Redis를 운영하다보면 항상 어려운 문제는 memory 관리입니다. In-Memory Cache 다 보니, 메모리 보다 더 많은 데이터를 써서 swap이 발생하면 해당 메모리 page를 접근할 때 마다 swap out 이 발생해서, 속도에 엄청난 영향을 주게 됩니다. 또한 더 많은 메모리를 쓰면, 메모리 문제로 장애가 발생할 수 가 있습니다. 그런데 오늘 팀에서 다음과 같은 에러가 발생했다고 보고를 해주셨습니다.

redis.clients.jedis.exceptions.JedisDataException: OOM command not allowed when used memory > 'maxmemory'.

Redis는 이런 메모리 관리를 위해서 두 가지 옵션을 제공하고 있습니다. 첫 번째는 maxmemory 설정이고 두 번째는 maxmemory policy 입니다.

maxmemory는 메모리를 이것 이상 사용하지 않도록 설정하는 옵션입니다. 내부적으로 메모리 할당에 zmalloc 이라는 함수를 이용하는데, 이 안에서 메모리 할당 사이즈를 계산하고 이를 이용합니다. 다만 Redis에서 할당을 요청하는 값이기 때문에, 실제 메모리 page는 일반적으로 더 사용하게 되고 이로 인해 실제 물리 메모리 사용량은 계산한 값보다 훨씬 더 많이 사용하고 있을 수 있습니다. 이를 통해서 필요할 때, 사용하던 메모리를 반납해서 메모리 용량을 확보하게 되는데 이를 eviction 이라고 합니다.

maxmemory-policy 는 메모리 사용량이 maxmemory 보다 커졌을 때 어떤 정책을 취할 것인가를 정해둔 정책입니다. 다음과 같은 정책 값들이 있습니다.

정책명	내용
noeviction	eviction 작업을 하지 않고, 바로 write 작업시에 에러를 리턴한다.
volatile-lru	expire set(expire를 건 키집합) 에 대해 LRU 방식을 이용해서 키를 제거한다. 정확한 LRU 방식이 아니라 유사한 방식을 사용
volatile-lfu	expire set 에 대해 LFU 유사한 방식을 이용해서 키를 제거한다.
volatile-random	expire set 에 대해 랜덤하게 키를 제거한다.
volatile-ttl	expire set에 대해서 ttl이 적게 남은 순으로 키를 제거한다.
allkeys-lru	모든 키에 대해서 LRU 유사한 방식으로 키를 제거한다.
allkeys-lfu	모든 키에 대해서 LFU 유사한 방식으로 키를 제거한다.
allkeys-random	모든 키에 대해서 랜덤하게 키를 제거한다.

여기서 LRU는 Least Recently Used, LFU는 Least Frequently Used 입니다.

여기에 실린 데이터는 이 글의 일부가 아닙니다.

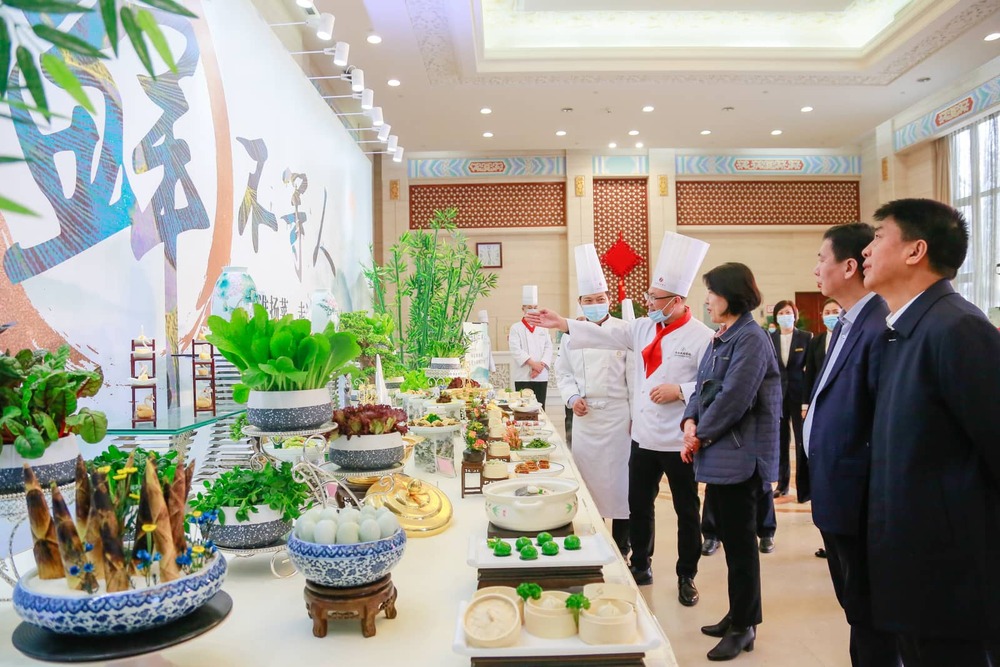 淮扬菜是中国传统四大菜系之一,与鲁菜孔府菜并称“国菜”,是“国宴”菜单主菜首选。“开国第一宴”就是以淮扬风味菜点为主,因菜品质朴、清鲜、醇和的特点,为国宴的精练简约定下基调。淮扬菜发源于扬州、淮安,大多以江湖河鲜为主料,以顶尖烹艺为支撑,以本味本色为上乘,以妙契众口为追求,蕴含“和、精、清、新”的独特理念,素有“东南第一佳味,天下之至美”的美誉。其“南北适宜、营养全面”的特点,更是让它成为了“国宴”菜单首选。此次亮相美食节的有:茴香鸡米炒凤尾虾、草头河豚三吃、鸡汁爆腌白鱼、菊花脑鸭蛋汤、白灼溧阳白芹、金陵盐水鸭、文思豆腐、朱桥甲鱼、淮安软兜、大煮干丝、淮阳蔬菜包、虾籽阳春面等60余道淮扬菜代表菜。多为南京东郊国宾馆“国宴”招待中的经典菜式,让济南食客能够有机会近距离亲身体验国宴菜品所蕴含的文化内涵。其中,有前国家主席吃过还要“再来一个”的“淮阳蔬菜包”,大为赞赏的“虾籽阳春面”;还有美国前国务卿基辛格先生在下榻南京东郊国宾馆时,因目睹软嫩如绵的豆腐如丝似线不断,惊叹厨师刀工技艺,连连击掌叫好称快的“文思豆腐”。

각각 conf 에 다음과 같이 설정이 가능합니다.

maxmemory <bytes>
maxmemory-policy <policy>

그럼 Redis 는 언제 이 eviction을 실행하려고 할까요? eviction이 발생하는 사용자가 Command를 실행하려고 할 때 입니다. 만약 현재 사용중인 메모리(used memory)가 maxmemory 설정보다 크다면 발생하게 됩니다. 먼저 processCommand 함수를 살펴봅시다.

int processCommand(client *c) {
    ......
    int is_denyoom_command = (c->cmd->flags & CMD_DENYOOM) ||
                             (c->cmd->proc == execCommand && 
                             (c->mstate.cmd_flags & CMD_DENYOOM));

    ......
        /* Handle the maxmemory directive.
     *
     * Note that we do not want to reclaim memory if we are here re-entering
     * the event loop since there is a busy Lua script running in timeout
     * condition, to avoid mixing the propagation of scripts with the
     * propagation of DELs due to eviction. */
    if (server.maxmemory && !server.lua_timedout) {
        int out_of_memory = (performEvictions() == EVICT_FAIL);
        /* performEvictions may flush slave output buffers. This may result
         * in a slave, that may be the active client, to be freed. */
        if (server.current_client == NULL) return C_ERR;

        int reject_cmd_on_oom = is_denyoom_command;
        /* If client is in MULTI/EXEC context, queuing may consume an unlimited
         * amount of memory, so we want to stop that.
         * However, we never want to reject DISCARD, or even EXEC (unless it
         * contains denied commands, in which case is_denyoom_command is already
         * set. */
        if (c->flags & CLIENT_MULTI &&
            c->cmd->proc != execCommand &&
            c->cmd->proc != discardCommand &&
            c->cmd->proc != resetCommand) {
            reject_cmd_on_oom = 1;
        }

        if (out_of_memory && reject_cmd_on_oom) {
            rejectCommand(c, shared.oomerr);
            return C_OK;
        }

        /* Save out_of_memory result at script start, otherwise if we check OOM
         * until first write within script, memory used by lua stack and
         * arguments might interfere. */
        if (c->cmd->proc == evalCommand || c->cmd->proc == evalShaCommand) {
            server.lua_oom = out_of_memory;
        }
    }
    ......
}

위의 코드를 살펴보면 server.maxmemory 값이 설정되어 있고, server.lua_timeout 이 0이어야만 실행이 되게 되어있습니다. 여기서 out_of_memory 변수에 performEDvcitons() 의 결과 값이 EVICT_FAIL 인지 체크하고 해당 이슈가 실패하면, 해당 command 가 is_denyoom_command 인지를 체크해서 is_denyoom_command 라면, shared.oomerr 를 리턴하게 됩니다.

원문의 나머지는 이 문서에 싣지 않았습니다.